The overall trackable amount of space debris grew by about 15.6 percent, according to the Space Security 2010 report.
NASA and other U.S. agencies could use national space policy as a chance to aggressively pursue solutions, such as using spacecraft propelled by solar radiation (solar sails) or other objects to take down a few select pieces of debris, experts said.
"If we only bring down four objects per year, we can stabilize [the debris field] if we carefully select those most likely to contribute to debris," Kessler told SPACE.com.
Path to cleaner space
The national space policy shift shows that policymakers have finally begun to take action based on the work of Kessler and other researchers, Weeden said.
"This policy basically sets the playing field for what is to come," Weeden said. "It's an enabler, not the actual solution itself."
The United States and other countries could begin discussing voluntary codes of conduct about how to minimize space debris from new missions, as well as how to clean up old space debris.
But legally binding agreements remain politically unlikely, Weeden cautioned.
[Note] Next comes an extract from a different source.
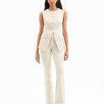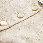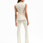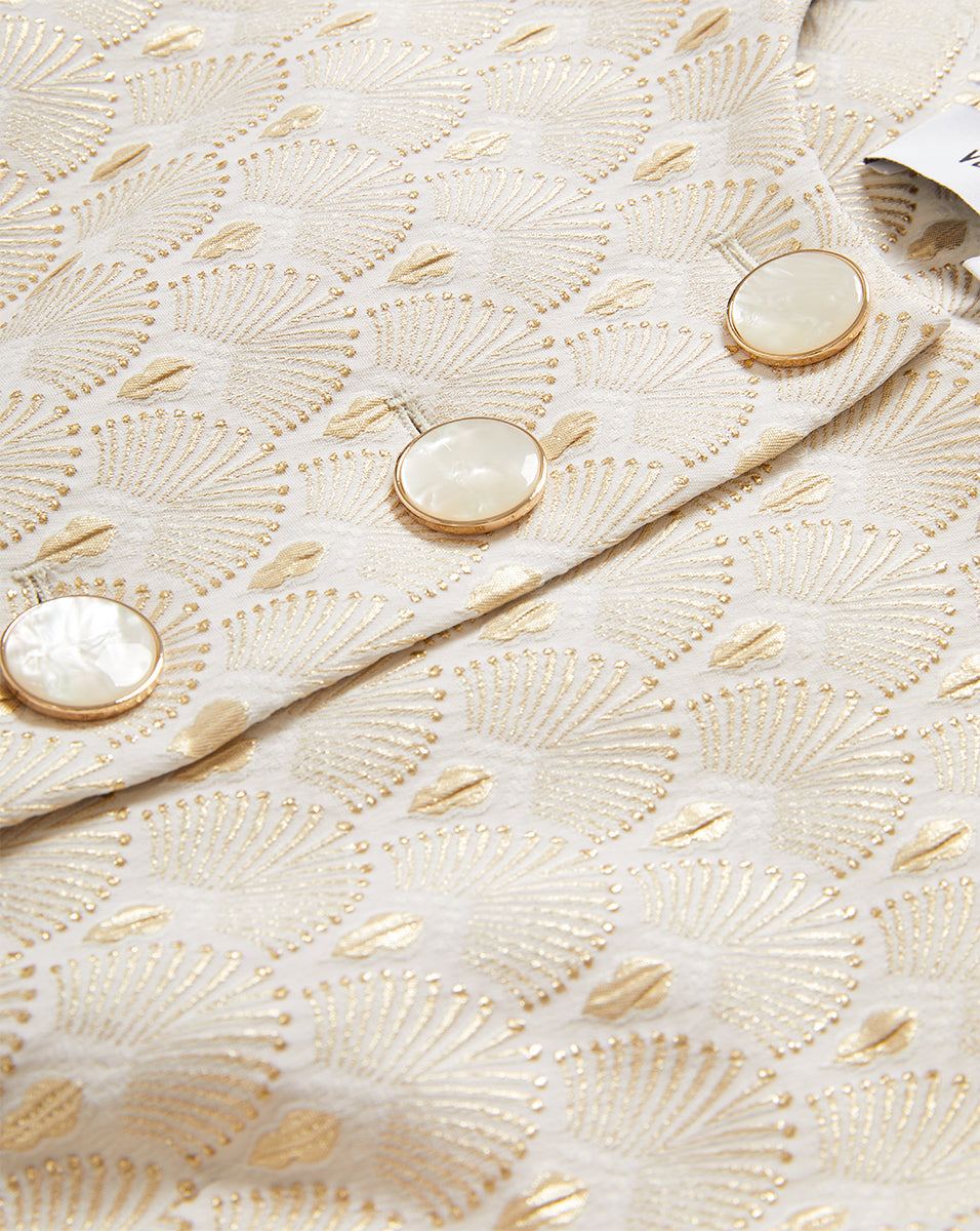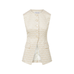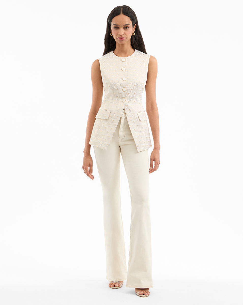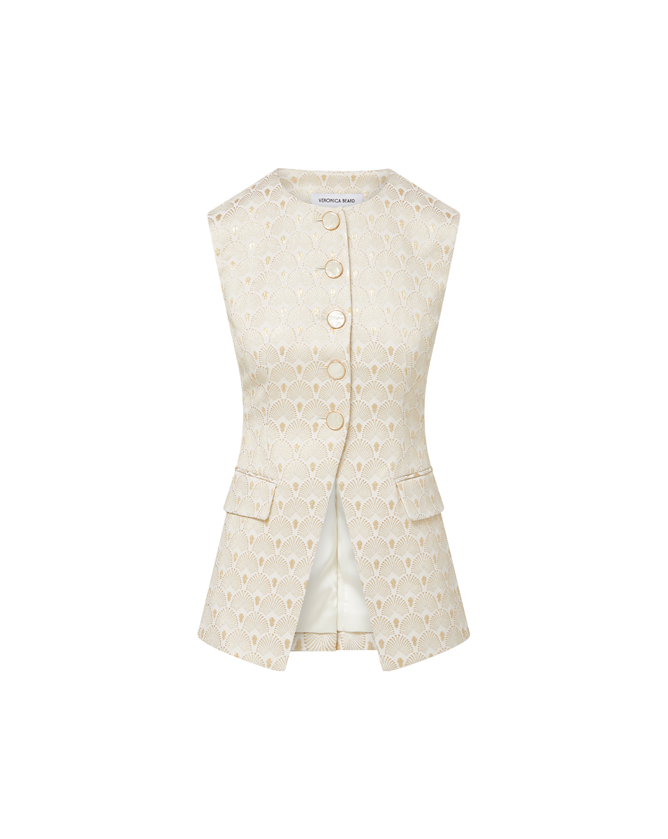 A fashion-forward take on the vest. Expertly tailored from a premium stretch blend, the Lois top boasts a chic Art-Deco-like scallop pattern—in metallic gold—and an exaggerated cutaway hem. With a clean, slim silhouette and darting at the bodice for waist definition, this style is great on its own or as a top layer. Pair with the coordinating Jazmin short for a memorable matching-set moment.

More plausible is an agreement on a strictly volunteer basis that would require spacefaring countries to put peer pressure on one another to comply.
Change of tune
The criticism of past space weapons tests that have created space debris has already changed how countries plan their actions, said Joan Johnson-Freese, a space policy analyst at the Naval War College in Newport, R.I.
"When the United States tested an anti-satellite (ASAT) weapon in 1985 by destroying its Solwind satellite, and China tested its ASAT in 2007, neither broke any 'rules,'" Johnson-Freese said in an e-mail. "But each created a substantial amount of space debris potentially dangerous to other spacecraft."
Both countries have since changed their policies, and said future tests will be characterized as "missile defense," aimed only at destroying targets that won't leave lingering debris, Johnson-Freese pointed out. "In terms of space debris, it is simply not in U.S. interests to pursue paths that encourage actions that result in debris creation."